**INSTRUCTIONS FOR THE TASK**
Set down again exactly the lines of the listing below that fall between the line holding "10月20日上午,人文学院举" and the line holding "더블 스트랩이 특징인", inclusive.

**GIVEN RECORDS**
┄┄┄┄┄┄┄┄┄┄┄┄┄┄┄┄┄┄┄┄
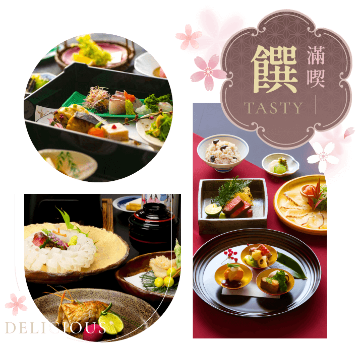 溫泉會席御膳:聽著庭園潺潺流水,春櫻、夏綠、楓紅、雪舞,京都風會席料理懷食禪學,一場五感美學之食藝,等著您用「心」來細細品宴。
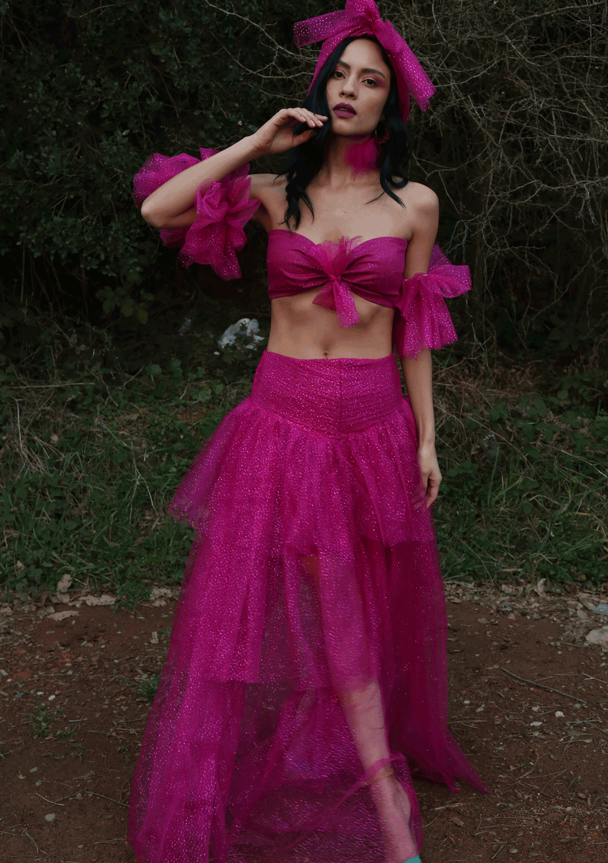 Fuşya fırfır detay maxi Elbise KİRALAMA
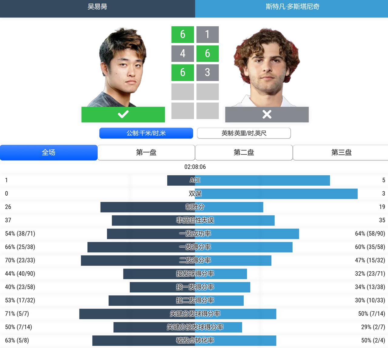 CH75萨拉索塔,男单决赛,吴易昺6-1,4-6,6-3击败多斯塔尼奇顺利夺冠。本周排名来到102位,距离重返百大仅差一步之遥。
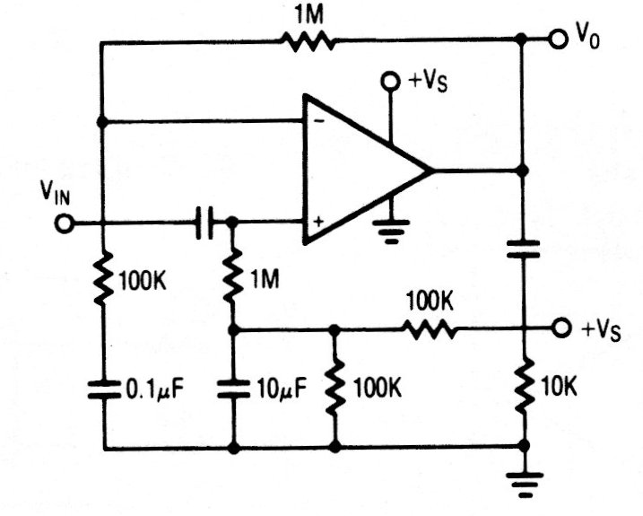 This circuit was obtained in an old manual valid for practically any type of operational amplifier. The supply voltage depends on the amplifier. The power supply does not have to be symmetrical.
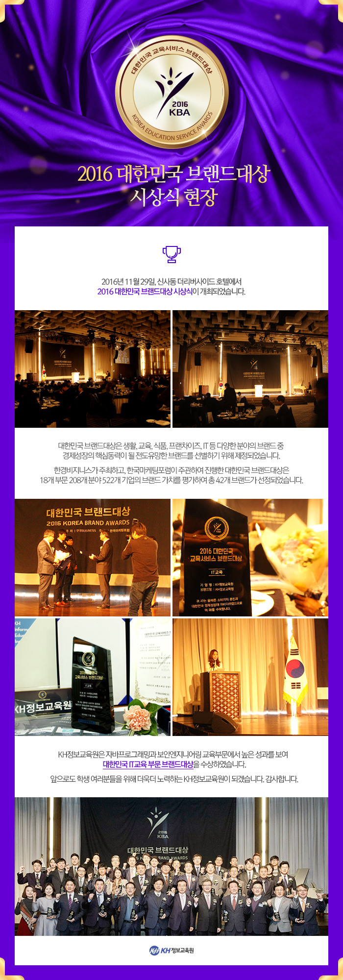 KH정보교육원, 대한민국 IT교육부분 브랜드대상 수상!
┄┄┄┄┄┄┄┄┄┄┄┄┄┄┄┄┄┄┄┄
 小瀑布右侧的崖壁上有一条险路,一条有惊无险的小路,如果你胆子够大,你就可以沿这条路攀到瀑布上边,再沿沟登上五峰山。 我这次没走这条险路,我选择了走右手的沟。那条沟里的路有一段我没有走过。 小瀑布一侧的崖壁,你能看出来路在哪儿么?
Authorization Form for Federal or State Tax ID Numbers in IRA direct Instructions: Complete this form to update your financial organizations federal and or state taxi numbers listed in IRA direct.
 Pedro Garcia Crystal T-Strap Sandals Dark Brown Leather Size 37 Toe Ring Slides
┄┄┄┄┄┄┄┄┄┄┄┄┄┄┄┄┄┄┄┄
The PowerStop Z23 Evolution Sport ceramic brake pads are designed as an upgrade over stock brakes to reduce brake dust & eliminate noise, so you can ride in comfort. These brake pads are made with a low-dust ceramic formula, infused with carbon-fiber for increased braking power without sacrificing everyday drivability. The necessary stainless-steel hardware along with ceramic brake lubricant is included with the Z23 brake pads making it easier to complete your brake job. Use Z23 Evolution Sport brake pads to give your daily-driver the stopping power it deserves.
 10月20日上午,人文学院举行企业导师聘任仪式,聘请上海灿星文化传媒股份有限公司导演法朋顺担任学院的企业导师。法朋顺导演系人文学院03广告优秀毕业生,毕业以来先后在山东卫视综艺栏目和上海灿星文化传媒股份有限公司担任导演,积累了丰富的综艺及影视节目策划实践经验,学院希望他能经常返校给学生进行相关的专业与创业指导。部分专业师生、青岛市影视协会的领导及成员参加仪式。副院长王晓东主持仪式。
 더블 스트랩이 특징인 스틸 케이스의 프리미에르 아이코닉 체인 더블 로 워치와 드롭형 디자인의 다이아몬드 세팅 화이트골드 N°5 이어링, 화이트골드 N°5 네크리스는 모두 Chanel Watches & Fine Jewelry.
┄┄┄┄┄┄┄┄┄┄┄┄┄┄┄┄┄┄┄┄
**REPLY TO THE EXERCISE**
 10月20日上午,人文学院举行企业导师聘任仪式,聘请上海灿星文化传媒股份有限公司导演法朋顺担任学院的企业导师。法朋顺导演系人文学院03广告优秀毕业生,毕业以来先后在山东卫视综艺栏目和上海灿星文化传媒股份有限公司担任导演,积累了丰富的综艺及影视节目策划实践经验,学院希望他能经常返校给学生进行相关的专业与创业指导。部分专业师生、青岛市影视协会的领导及成员参加仪式。副院长王晓东主持仪式。
 더블 스트랩이 특징인 스틸 케이스의 프리미에르 아이코닉 체인 더블 로 워치와 드롭형 디자인의 다이아몬드 세팅 화이트골드 N°5 이어링, 화이트골드 N°5 네크리스는 모두 Chanel Watches & Fine Jewelry.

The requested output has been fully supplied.